| Task to carry out |
Return, exactly as written, the lines of the material from its top through the line with "8月1日,ok138cn太阳", keeping pictures out.

| Entries shown |

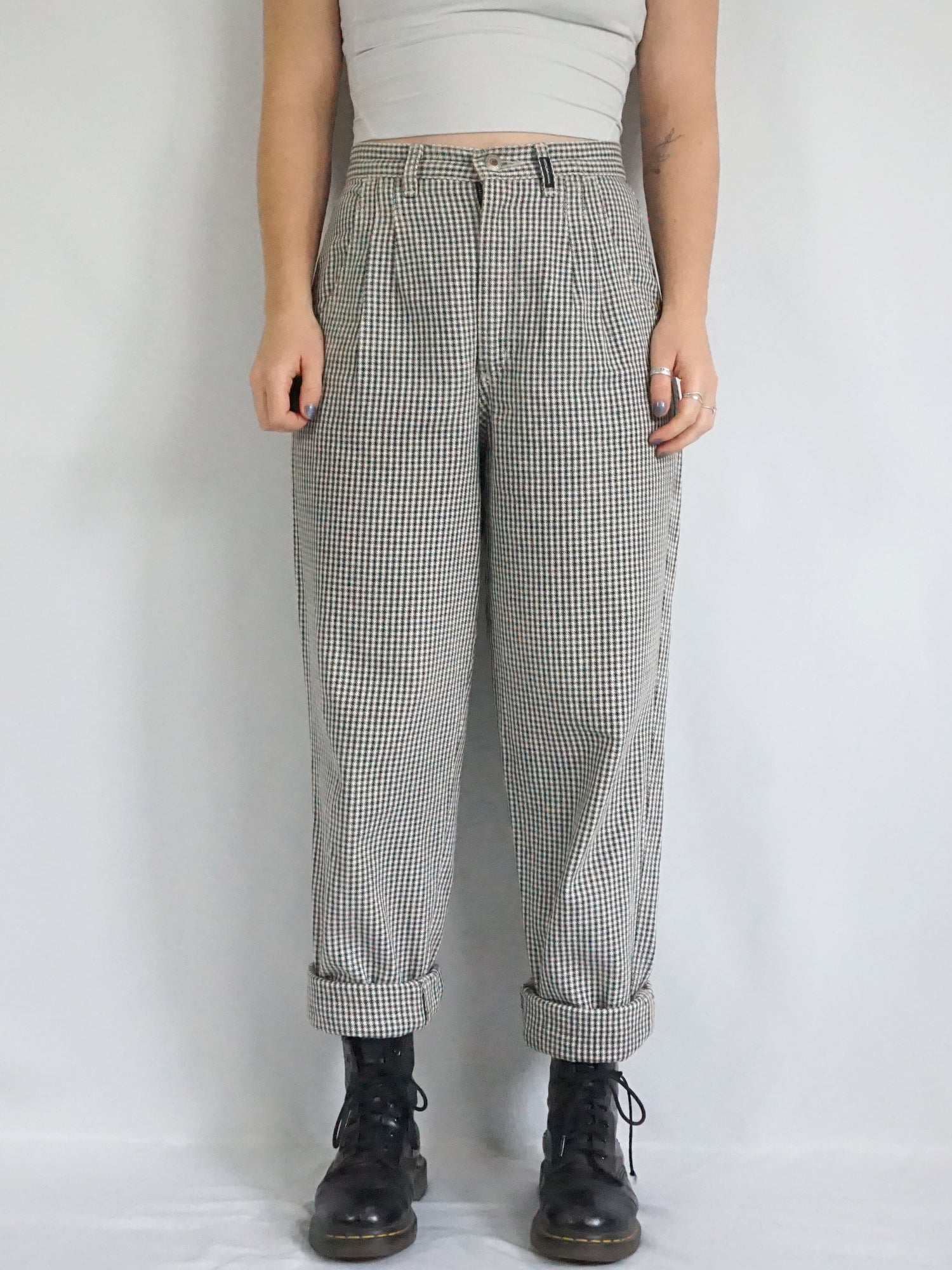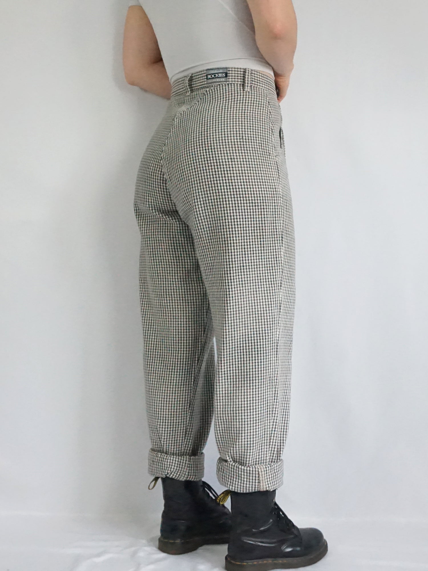 Vintage 90s Rocky Mountain black and white houndstooth mum jeans.
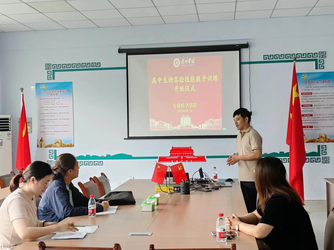 8月1日,ok138cn太阳集团古天乐于求实楼0204会议室顺利开展“高中生物实验技能提升训练”开班仪式,这是ok138cn太阳集团古天乐2024年暑期自然科普研学活动的一部分内容,为期五天的培训内容丰富,包括理论学习、前沿讲座、精密仪器操作以及分子生物学实验培训。活动旨在提升高中生对生命科学研究的兴趣,培养科学素养、科学思维,并提升科学精密仪器的操作能力。
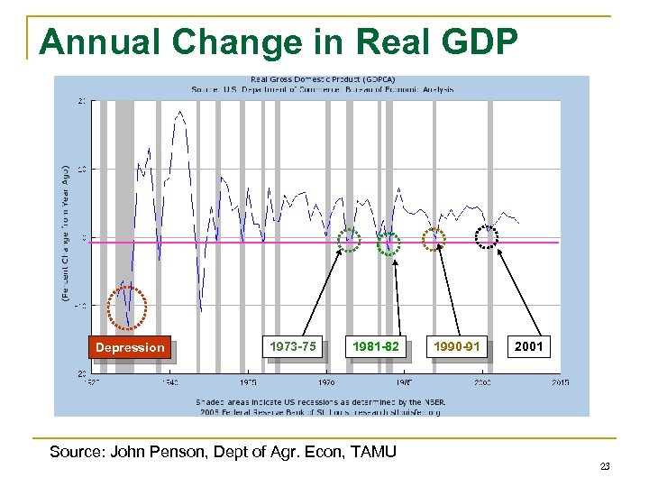 Annual Change in Real GDP Depression 1973 -75 1981 -82 Source: John Penson, Dept of Agr. Econ, TAMU 1990 -91 2001 23
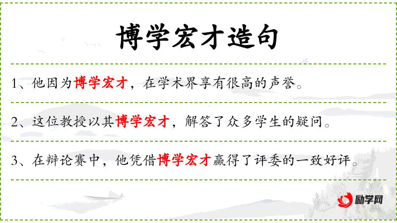 - 博学宏才:形容人学识广博,才能卓越。
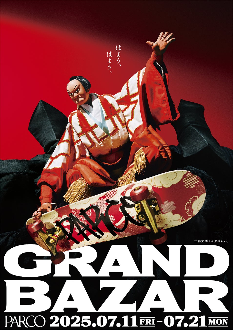 今年のグランバザールは、8月にPARCO劇場にて上演を控える、劇作家 三谷幸喜氏の新しい視点と演出で創作した超古典エンタテインメント“三谷文楽”の新作「人形ぎらい」とタイアップ。撮りおろしCMでは、実際に文楽の舞台で使用されてきた本物の文楽人形が登場。「人形ぎらい」の主人公で、万年憎まれ役の文楽人形“陀羅助(だらすけ)”がグランバザール特別バージョンのスニーカーを身に着け、スケボーで街中を駆け巡ります。
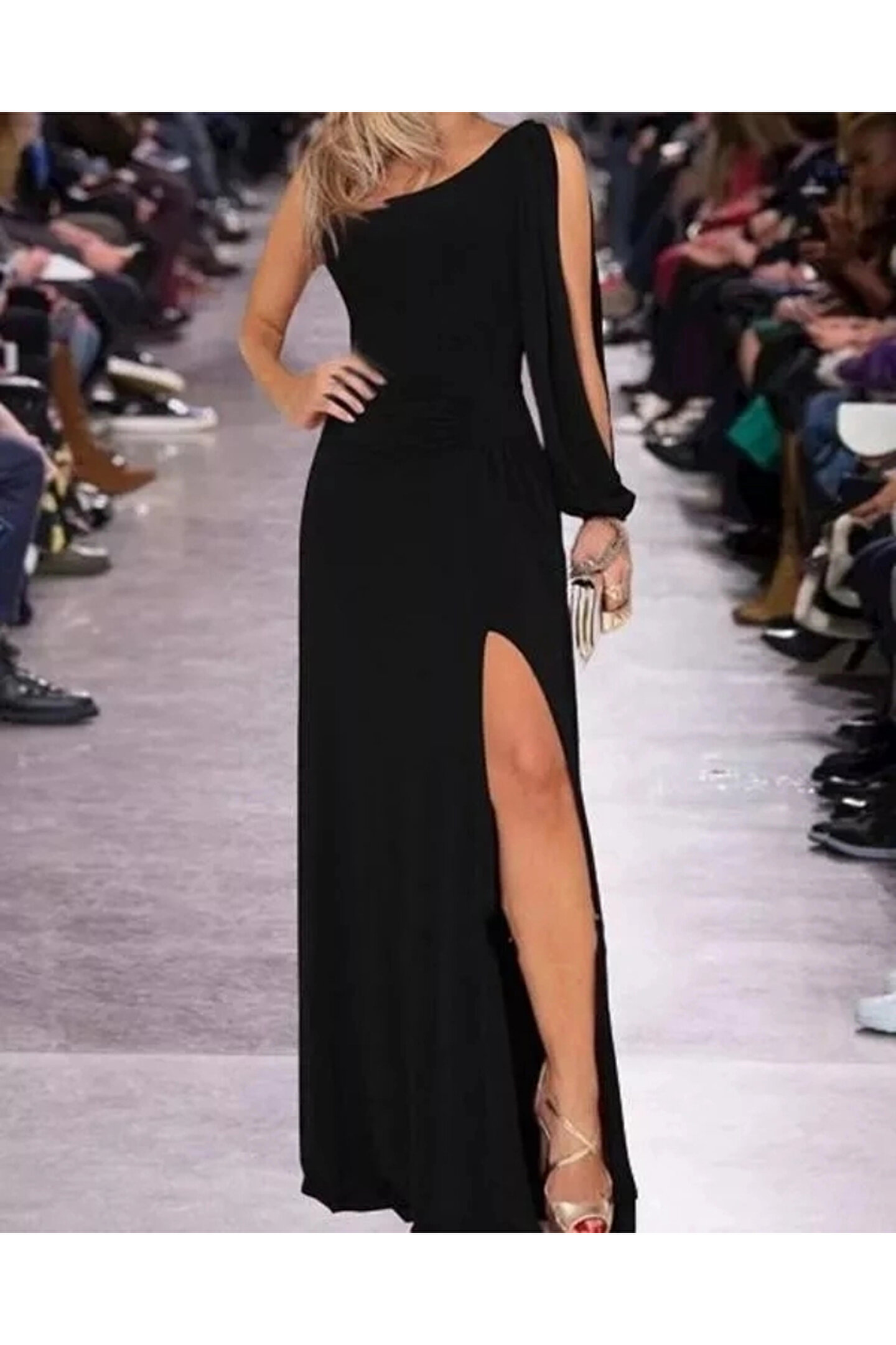 Tek Omuz Açık Derin Yırtmaçlı Krep Tam Boy Elbise
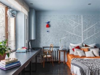 لا ينطبق هذا فقط على الألوان ، ولكن أيضًا على الأنسجة المختلفة – يبدو هذا المزيج دائمًا أصليًا ومثيرًا للاهتمام ، مما يسمح لك بإبراز لهجة أو زيادة حجم الغرفة أو تقليله بصريًا..
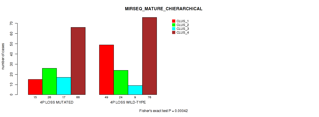 4p loss cnv correlated to 'CN_CNMF', 'MRNASEQ_CNMF', 'MRNASEQ_CHIERARCHICAL', 'MIRSEQ_CHIERARCHICAL', and 'MIRSEQ_MATURE_CHIERARCHICAL'.
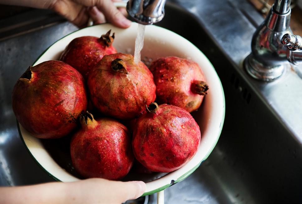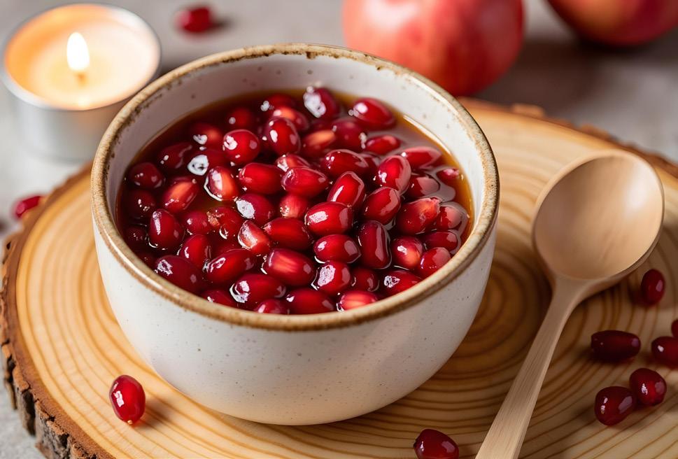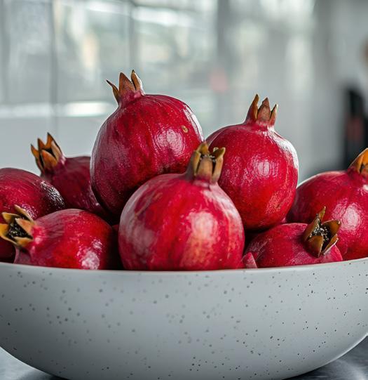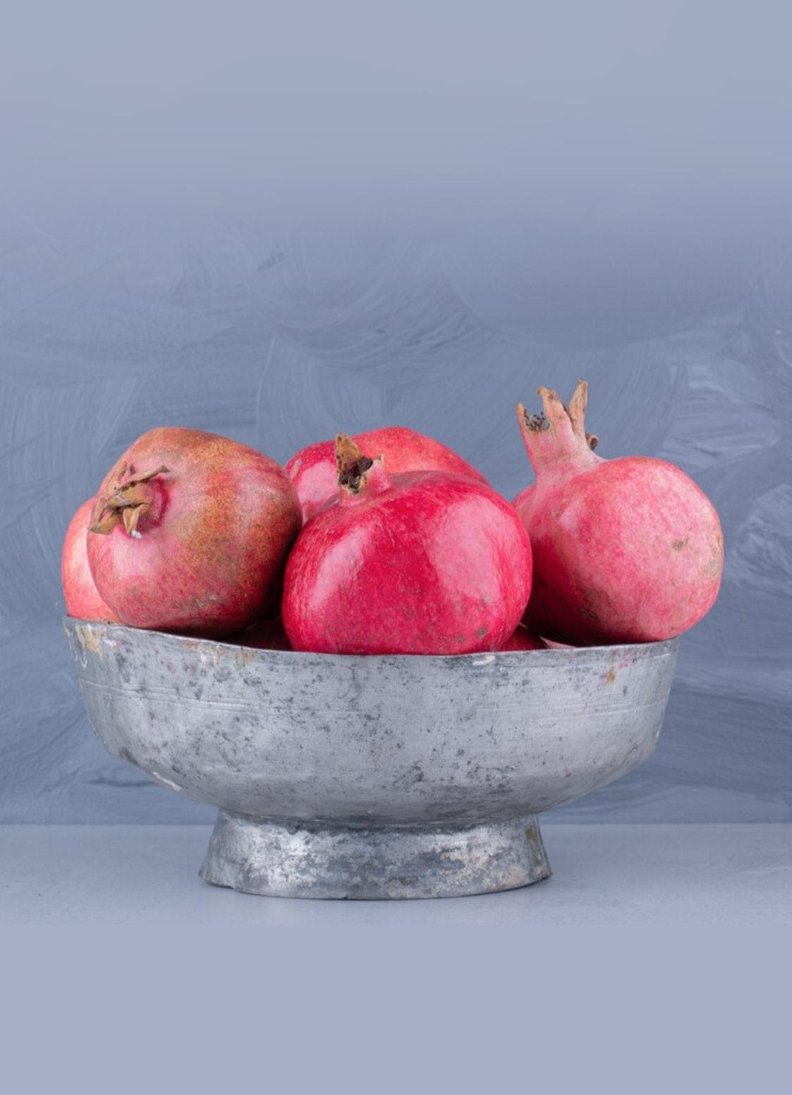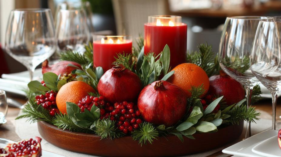Design cue: A bowl of pomegranates, citrus, or pears makes a stunning centerpiece — no florist required.
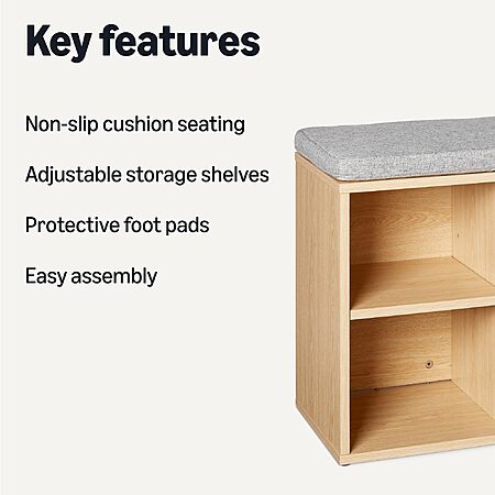 $40:Amazon Basics Shoe Storage Bench with Cushion, Shoe Rack 6 Cubbies, Adjustable Shelves, Oak Finish
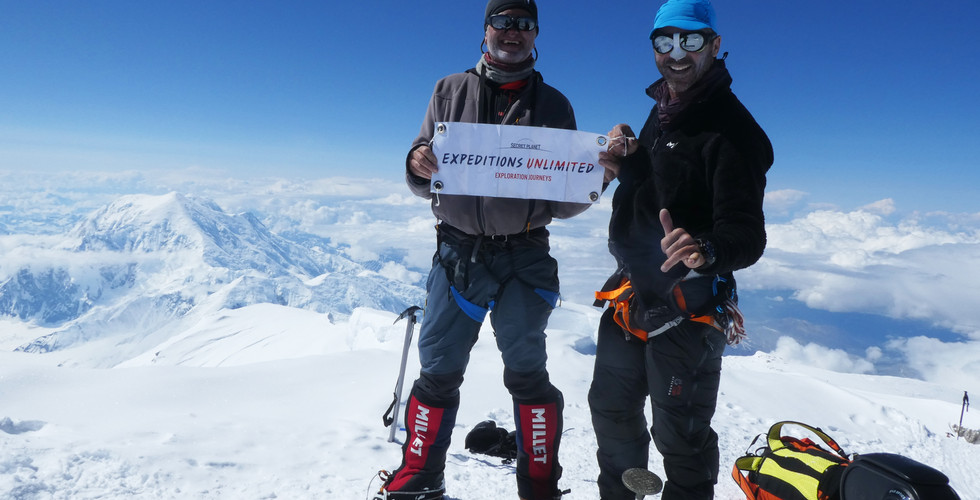 Le Denali désigne le point culminant de d'Amérique du Nord. Situé au centre de l'Alaska, aux États-Unis, il culmine à 6 190 mètres d'altitude. L’ascension du Denali initialement prévue en mai 2019 a été reportée en juin après le mariage de mon fils Tom. Nous arrivons en Alaska le 5 juin et le lendemain nous sommes déjà au camp de base. Nous débutons l’ascension immédiatement avec des conditions météorologiques exceptionnelles. Nous allons profiter de cette fenêtre météo à fond sur un rythme très soutenu, on ne s’arrêtera pas au camp 1 ni au camp 2 seulement une nuit au camp 3 puis nous arrivons au camp 4 (ou camp médical) pour s’acclimater un peu pendant 4 jours et enfin le camp 5 à 5 300 mètres d'altitude. Enfin nous arrivons au sommet le 13 juin, seulement 7 jours après le début de l’ascension. Au sommet, il n’y a aucun vent, rien d’autre que le calme et le soleil sur le toit de l’Amérique du Nord.
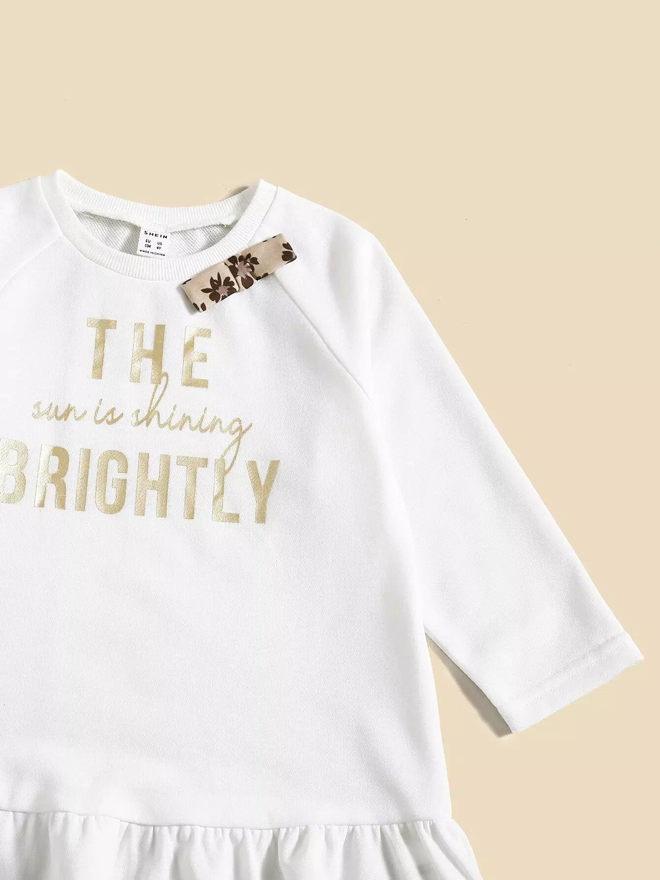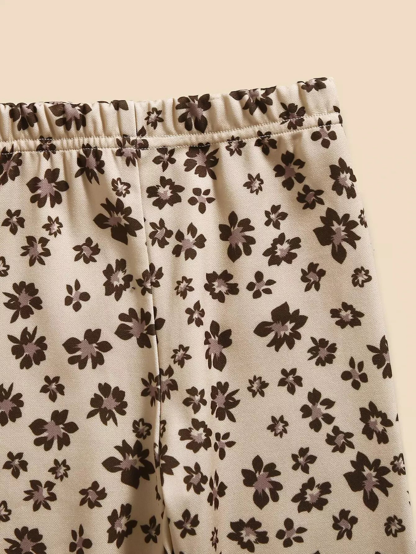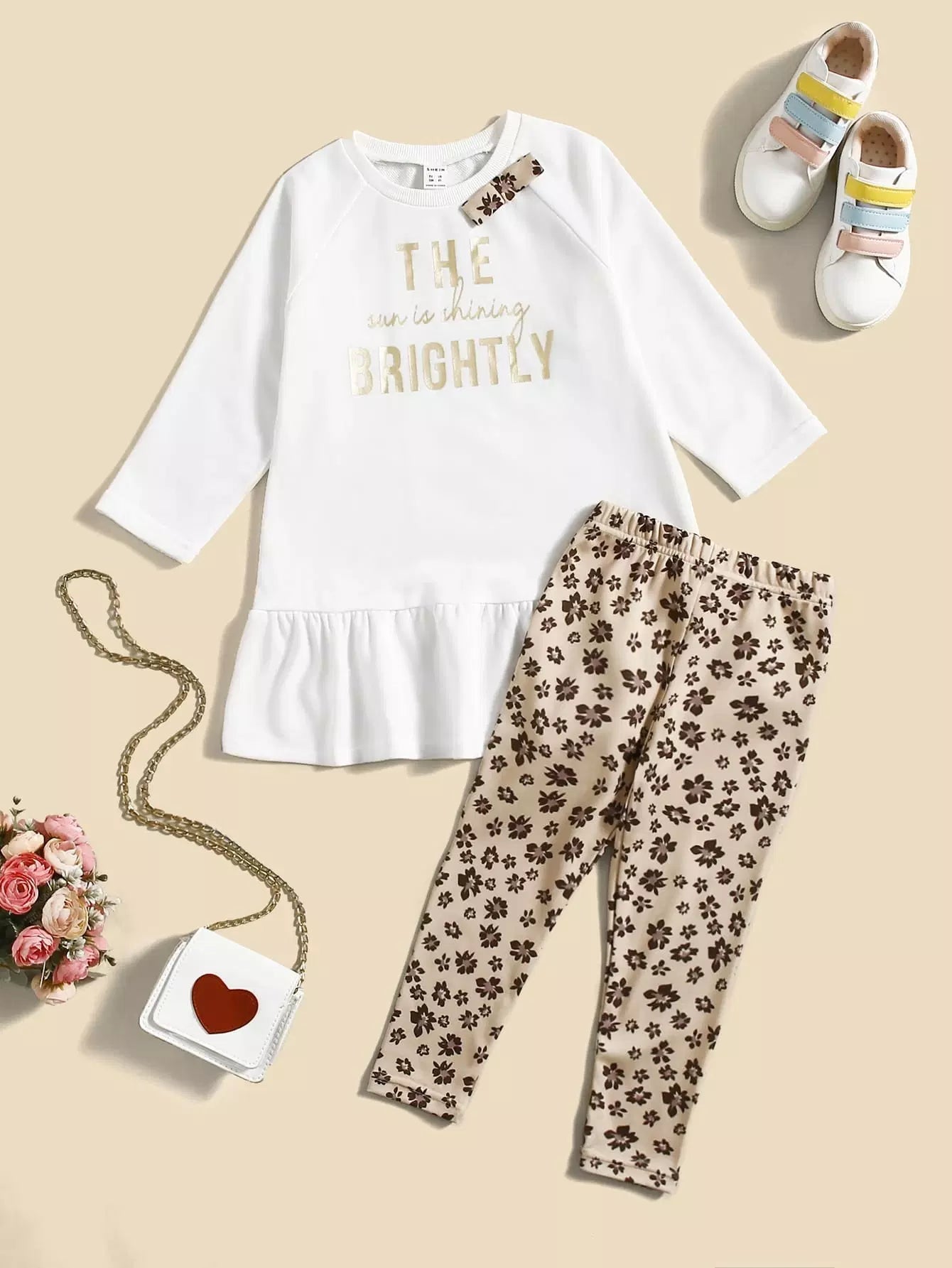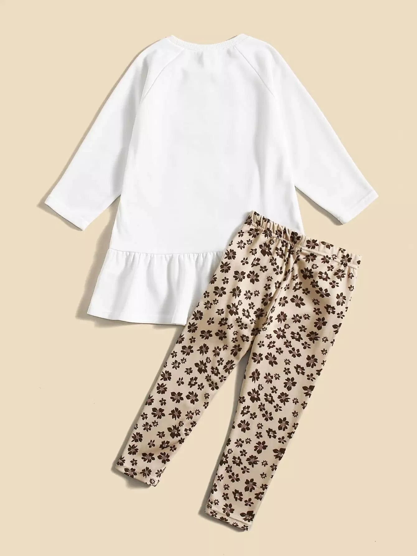 بلوزة وبنطلون ضيق مزين برسومات الأزهار والشعارات للفتيات الصغيرات

| Response to this exercise |
 Vintage 90s Rocky Mountain black and white houndstooth mum jeans.
 8月1日,ok138cn太阳集团古天乐于求实楼0204会议室顺利开展“高中生物实验技能提升训练”开班仪式,这是ok138cn太阳集团古天乐2024年暑期自然科普研学活动的一部分内容,为期五天的培训内容丰富,包括理论学习、前沿讲座、精密仪器操作以及分子生物学实验培训。活动旨在提升高中生对生命科学研究的兴趣,培养科学素养、科学思维,并提升科学精密仪器的操作能力。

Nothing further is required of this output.